У Али Кушчи внезапно закружилась голова. Теперь уж ему совсем не усидеть на месте! Держась за бугристо-шершавую поверхность стен, он опять обошел свою клетку.
«Нет, невозможно пробить эти камни, сделать проход в гранитной породе! Мечта пустая!.. «Надейтесь»? Но кто, кроме простаков, никогда не видевших вблизи темниц Кок-сарая, может надеяться проломить этот гранит? Его перетаскали, его сложили здесь тысячи и тысячи рабов самого Тимура Сахибкирана!.. Шагирды мои, вы не знаете, что такое кок-сарайский зиндан!.. И тебе, мавляна Али, взрослому и, как я слышал, разумному человеку, не надо надеяться на подкоп. Надо одно: длить и длить терпение свое, мудрейший из мудрых!»
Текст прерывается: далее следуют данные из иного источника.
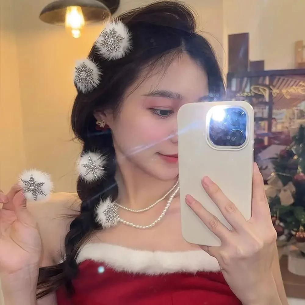 2 STUKS Prachtige Strass Sneeuwvlok Haarspeldjes Parel Zoete Kerst Sneeuwvlokken Haarspelden Zilveren Boog Eendendons Clip

Оконце еще посылало ему снопик света. И Али Кушчи на обратной стороне записки написал всего лишь два слова: «Бумага. Карандаш». Подумав, добавил: «Мать, Тиллябиби». Потом одним духом осушил кумган, спрятал бумажку так, как его научили, подошел к двери, слегка постучал и, когда оконце в двери приоткрылось пошире, протянул кумган сторожившему воину.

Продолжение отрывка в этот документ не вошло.